Bah nan justement, j'ai compilé xorg sans hal exprès! Je trouve que les confs de hal c'est un bond en arrière... y a pas moins intuitif au monde...

----------

## kwenspc

 *Temet wrote:*   

> Bah nan justement, j'ai compilé xorg sans hal exprès! Je trouve que les confs de hal c'est un bond en arrière... y a pas moins intuitif au monde...

 

+1, même les devs de HAL trouvent ça pas top. D'où DeviceKit  :Smile:   (quoique si ça se trouve DeviceKit a peut-être aussi une conf foireuse...)

----------

## DidgeriDude

Je trouve aussi que cette histoire de fichier fdi, c'est pas top, mais impossible de faire marcher la souris sur le portable d'un pote autrement qu'avec hal et evdev ! Le pire c'est que je ne comprends pas la moitié des options dans ces fichiers, et la doc est vraiment pourrie !!

----------

## Temet

Bah sur ce coup là, j'avoue qu'un clicodrome pour configurer ce genre d'options, je serais pas forcément contre  :Embarassed: 

Bon, je creuserai le truc quand je m'ennuierai à mort... quitte à finir sur hal si vraiment pas de solution :'(

----------

## CryoGen

 *kwenspc wrote:*   

>  *Temet wrote:*   Bah nan justement, j'ai compilé xorg sans hal exprès! Je trouve que les confs de hal c'est un bond en arrière... y a pas moins intuitif au monde... 
> 
> +1, même les devs de HAL trouvent ça pas top.
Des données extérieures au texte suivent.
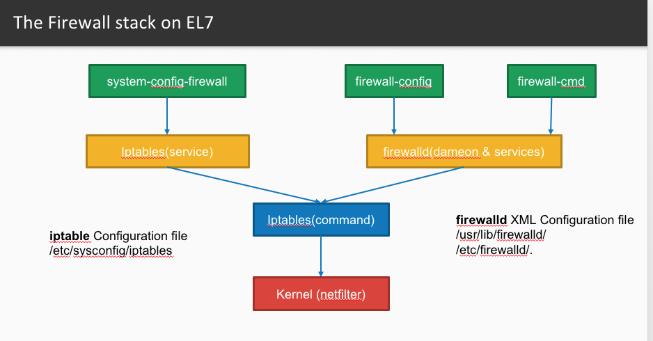 In RHEL6, we had IPtables. Now, in RHEL7, the firewall mechanism or say, the firewall daemon changed to Firewalld. Both serve the same purpose, i.e; packet filtering using the Netfilter module inbuilt in the Linux kernel. However, it is important to know why the Firewalld took over the IPtables. In Firewalld, you can change settings dynamically whilst being on production compared to IPtables which needs to flush out the entire rules set once a change has been made. Another difference is that during the installation of firewalld, you have support for both IPv4 and IPv6 compared to IPtables, you will have to install Ip6tables for IPv6 support. For those who are not acquainted with IPv6, please check out the article on "Diving into the basics of IPv6". To briefly describe Firewalld, it is a set of services and daemons that manage the Netfilter in the Linux kernel. Finally, it is important to understand that both RHEL6 and RHEL7 used the IPtables (commands) to talk to the Netfilter.

D'où DeviceKit   (quoique si ça se trouve DeviceKit a peut-être aussi une conf foireuse...)

 

Clair que si ya bien un truc qui a du mal à évoluer c'est bien la config d'un serveur X   :Laughing: 

----------

## DidgeriDude

 *CryoGen wrote:*   

> Clair que si ya bien un truc qui a du mal à évoluer c'est bien la config d'un serveur X  

 

En effet car il faut l'avouer : même le fichier xorg.conf n'est pas ce qu'on pourrait appeler de plus convivial pour configurer X. D'autant qu'en plus, des options spécifiques à telle ou telle carte ne sont pas plus détaillées que cela...
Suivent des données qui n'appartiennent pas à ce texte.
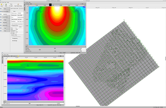 ZTK includes many integration features that enable the user to quickly set up and QC the job: a base map viewer, grid definition and input data geometry controls, a SEG Y viewer for the input data and trace header information, topography specification for land and OBC data, and 2-D and 3-D viewers for the velocity model, travel times, stacks, and gathers.
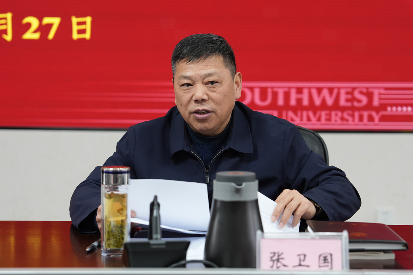 会上,校长、党委副书记张卫国传达习近平总书记对重庆作出的重要指示批示精神,党委副书记、纪委书记夏玉峰领学《中国共产党纪律处分条例》,党委常委、副校长王志坚传达教育部《关于进一步压实高校师德师风建设主体责任的通知》精神,其他与会同志分别围绕学习体会和工作实际开展交流研讨,请假同志作书面发言。

C'est quand même malheureux de voir le nombre de personnes qui copient-collent la conf d'un autre sans la comprendre car cela fait des heures ou des jours qu'il n'arrivent pas à faire leur propre fichier...

Il y a peut-être là à creuser un peu pour rendre cela plus accessible ! Tout en restant configurable à loisir, bien sûr   :Wink: 

----------

## boozo

 *Temet wrote:*   

> Hello all!
> 
> (snip)
> 
> Euh... me disant que je ne suis ptet pas seul au monde dans la merde suite à cette migration bien désagréable (nan mais les confs fdi de hal c'est 1000 fois pire que dans le xorg.conf, j'ai l'impression de faire un bon de 10 ans en arrière (sauf que c'est du xml, je suis trop content...))  ... euh bah si vous avez la solution...
> ...

 

'alute

dans la série "chronicle" : vous pouvez me rajouter à la liste des dinosaures qui se passaient très bien de hal jusqu'à aujourd'hui pour faire tourner un X. Mais voilà... les d'jeuns ont frappé !   :Crying or Very sad: 

A variante près temet, que mon clavier et ma souris usb répondaient bien mais c'est le X qui refusait de démarrer sur cette vénérable antiquité qu'est mon Inspiron 5100.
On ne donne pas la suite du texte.